Sequence Graph Transform for Polars

PyPI version

Transform sequential data into powerful n-gram representations with Polars.

polars-sgt brings Sequence Graph Transform (SGT) to Polars, enabling you to:

  • Transform sequences into weighted n-gram features
  • Grouped Analysis: Apply SGT across subsets (e.g., by direction, metric) and merge into a single wide DataFrame
  • Billion-Row Scale: Optimized Rust implementation with O(1) time weight lookups
  • Temporal Dynamics: Capture patterns with multiple decay functions across all n-gram transitions
  • Flexible: Support for datetime, date, duration, and numeric time columns
  • Lazy & Parallel: Fully compatible with Polars lazy evaluation and Rayon-backed parallel processing

What is SGT?

Sequence Graph Transform converts sequential data (like user clickstreams, sensor readings, or transaction histories) into weighted n-gram representations. Unlike traditional n-grams, SGT captures:

  • Sequential patterns: Multi-transition dependencies (Unigrams, bigrams, trigrams...)
  • Temporal dynamics: Weights decay based on time gaps between events.
  • Normalized features: L1/L2 normalization for machine-learning-ready feature spaces.

Performance at Scale

Optimized for processing billions of rows:

  • O(1) Weight Calculation: Uses cumulative product prefix arrays to calculate multi-transition time weights in constant time.
  • Zero-Cost Abstraction: Written in Rust with Rayon for automatic multi-core utilization.
  • Memory Efficient: Leverages Polars' arrow-backed memory management.

Installation

pip install polars-sgt

Quick Start

1. High-Level API: sgt_transform_df

The sgt_transform_df function is the easiest way to generate SGT features. It handles unnesting, exploding, and pivoting into a wide format automatically.

Single Group (Default)

import polars as pl
import polars_sgt as sgt

df = pl.DataFrame({
    "user_id": ["A", "A", "A", "B", "B"],
    "action": ["login", "view", "purchase", "login", "view"],
    "time": [1, 2, 10, 1, 5],
})

# Generate wide-format features merged into one DataFrame
features = sgt.sgt_transform_df(
    df, 
    sequence_id_col="user_id", 
    state_col="action", 
    time_col="time",
    kappa=2
)

Grouped Sequence Analysis

Calculate separate SGT features for different groups (e.g., event types or directions) and merge them into one wide DataFrame.

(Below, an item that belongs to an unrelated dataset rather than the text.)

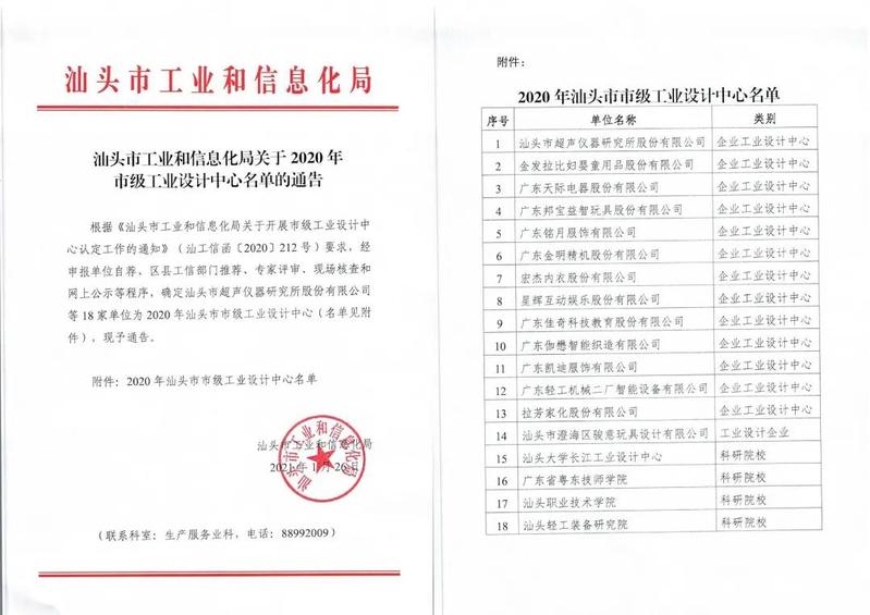 日前,根据《汕头市工业和信息化局关于2020年市级工业设计中心名单的通告》,我院顺利通过2020年汕头市市级工业设计中心的认定,我院又新添一个市级科研及创新服务平台。

# Calculate SGT features for each 'direction' and 'metric'
result = sgt.sgt_transform_df(
    df,
    sequence_id_col="user_id",
    state_col="action",
    time_col="time",
    group_cols=["direction", "metric"],
    kappa=3,
    time_penalty="exponential",
    alpha=0.7,
    group_name="analysis"
)
# Columns: ['user_id', 'analysis-buy-p_login', 'analysis-sell-p_login', ...]

2. Expression API: sgt_transform

For more control or integration into complex pipelines, use the expression-based API.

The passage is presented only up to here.